我一直试图用 CVXR 弄湿我的脚,试图查看我是否可以获得已知为高斯分布且均值为零的数据的方差或精度参数的最大似然估计。
# setup the data
set.seed(23)
n = 100
M = diag(n)
x = matrix(rnorm(n))
# show an R objective function which looks convex to me when plotted
r_log_det = function(x) {
ldet = determinant(x, logarithm = TRUE)
as.numeric(ldet$modulus)
}
r_quad_form = function(x, y) {
as.numeric(t(x) %*% y %*% x)
}
# Here is proof that this function optimizes to nearly the same value as the maximum likelihood estimate
test = function(p) {
P = p*M
S = (1/p)*M
ldet = r_log_det(S)
qform = r_quad_form(x, P)
ldet + qform
}
# Plotting this for positive precision shows this function appears convex
xi = seq(from = 0.1, to = 30, by = 0.1)
plot(xi, sapply(xi, test), type = "l")
# I also tried plotting with another "data set" where there were only two points: in that case it was still convex as well.

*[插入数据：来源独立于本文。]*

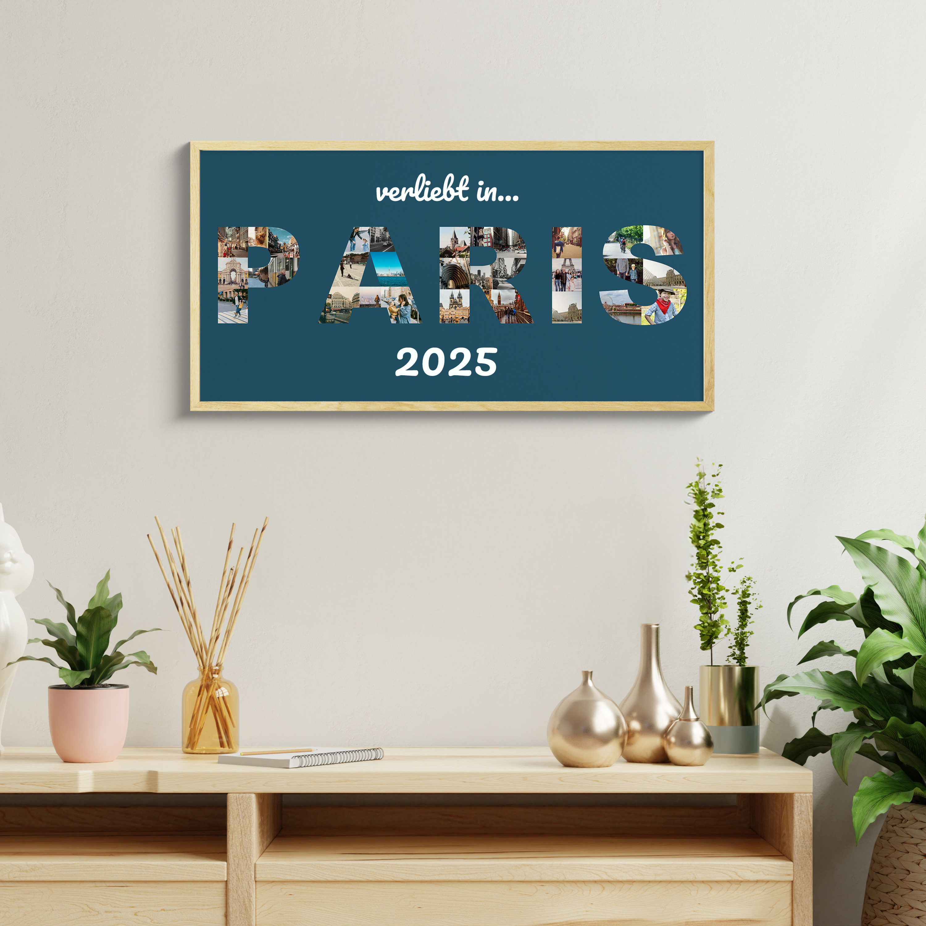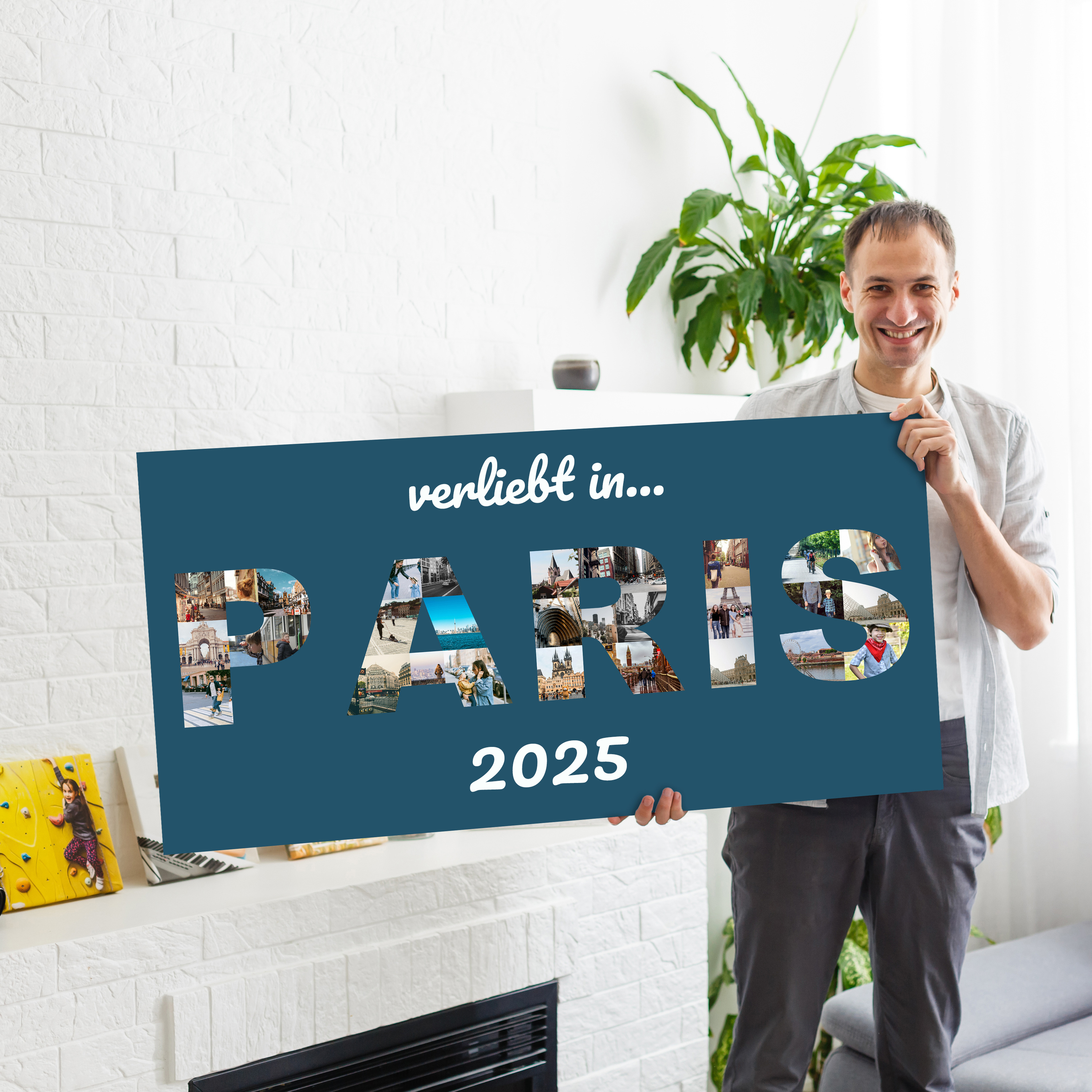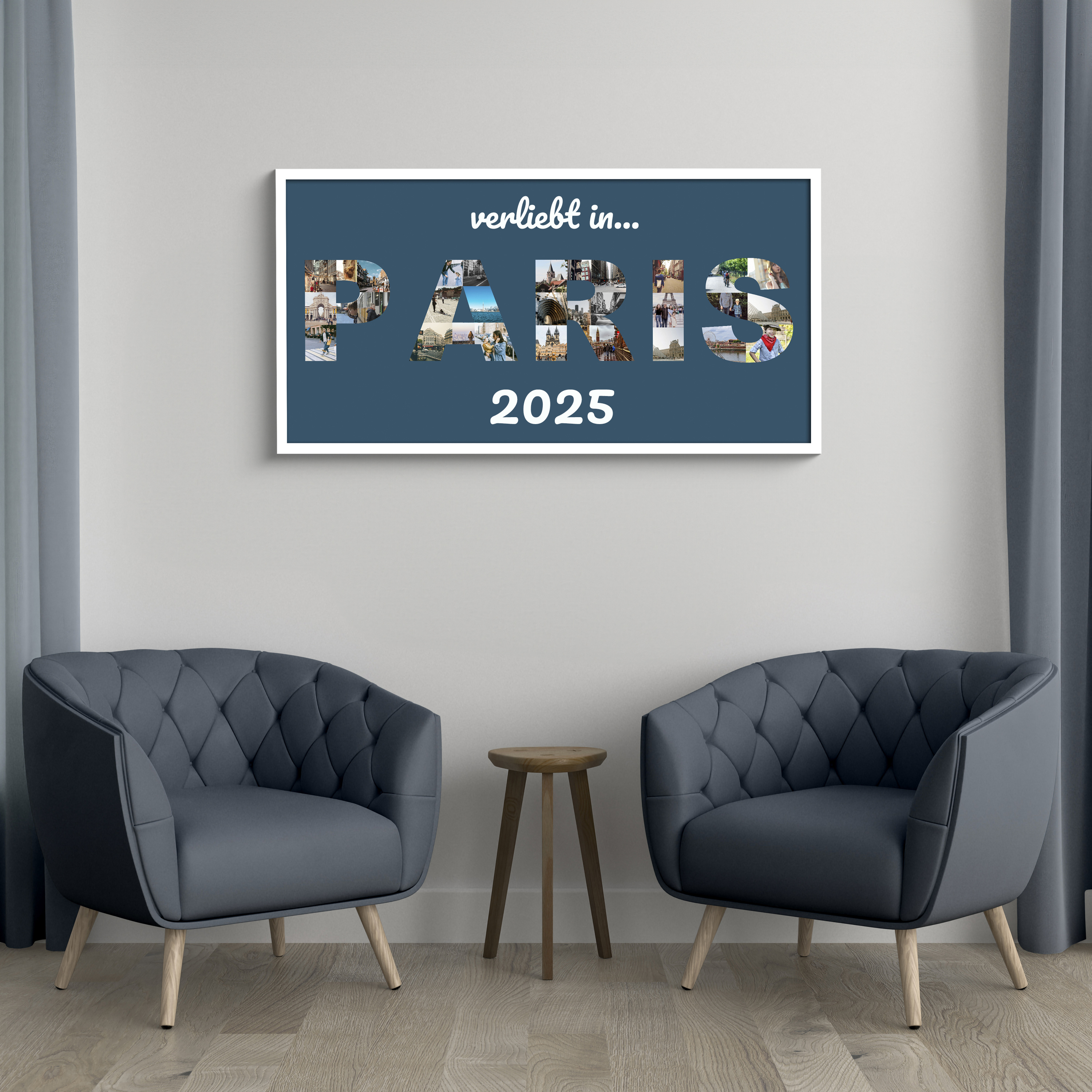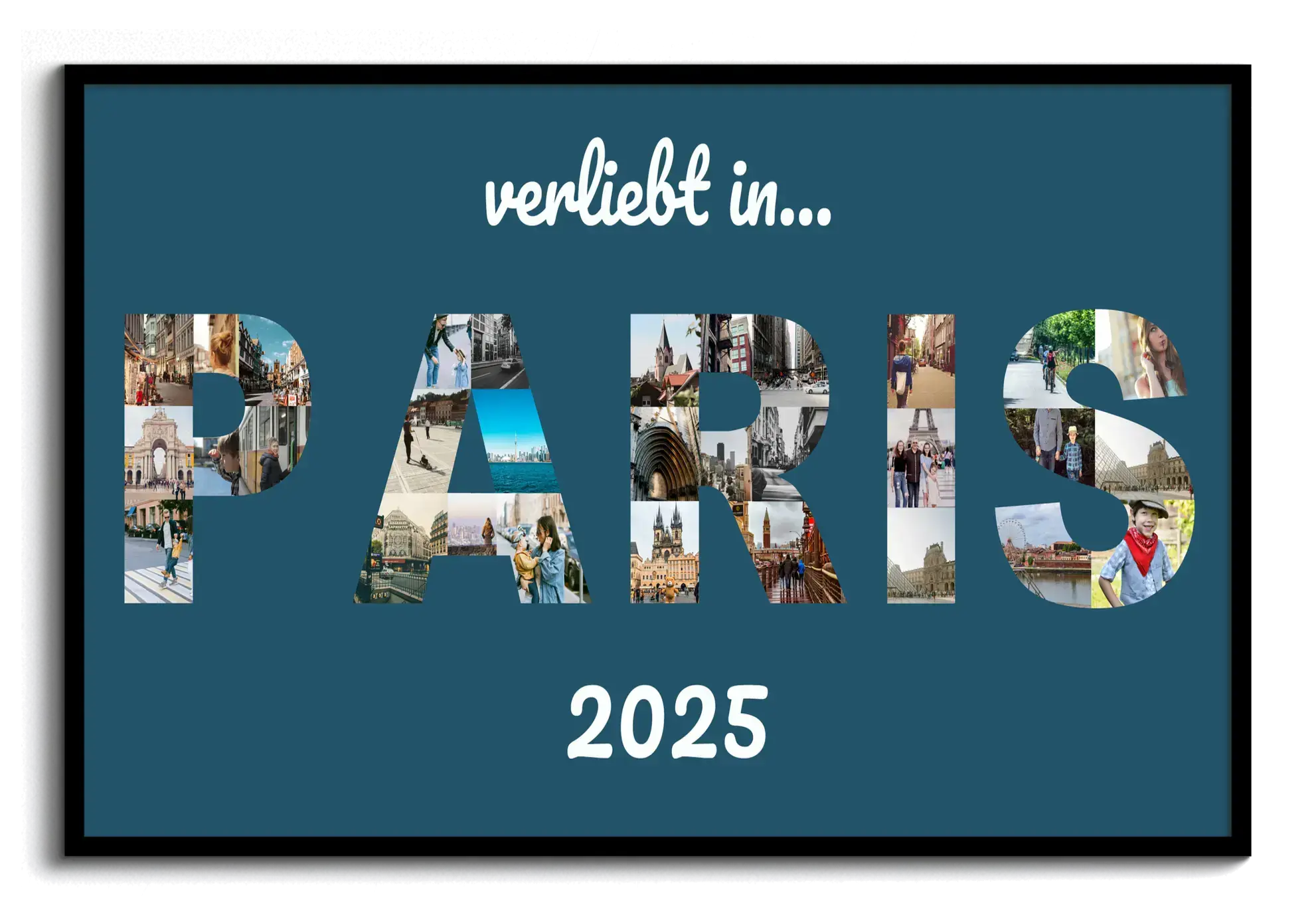 Jetzt gestalten und deine Reise festhalten: Diese Buchstabencollage zeigt den Ortsnamen Paris als Textform, gefüllt mit Urlaubsfotos, auf Leinwand mit dunkelblauem Hintergrund. Ergänze den Zusatz verliebt in und die Jahreszahl – ideal für Reisefans, Paare oder Familien und als stilvolles Wohn-Highlight.

# Calling this mostly agrees with the result of lm for the same problem
1/sqrt(optimize(test, c(0.1, 10))$minimum) # => 0.9375864
sigma(lm(x ~ 0)) # => 0.9375892
# which is just:
sqrt(t(x) %*% x/n) # => 0.9375892
# Now, I try to implement that with CVXR
p = Variable(1, pos = TRUE)
P = diag(p, nrow = n)
S = diag(inv_pos(p), nrow = n)
loss = sum(log_det(S), quad_form(x, P))
obj = Minimize(loss)
cons = list(p >= 0.1, p <= 10)
prob = Problem(obj, cons)
sol = solve(prob)
但这错误表明我的函数不遵循 DCP 规则。我错过了什么?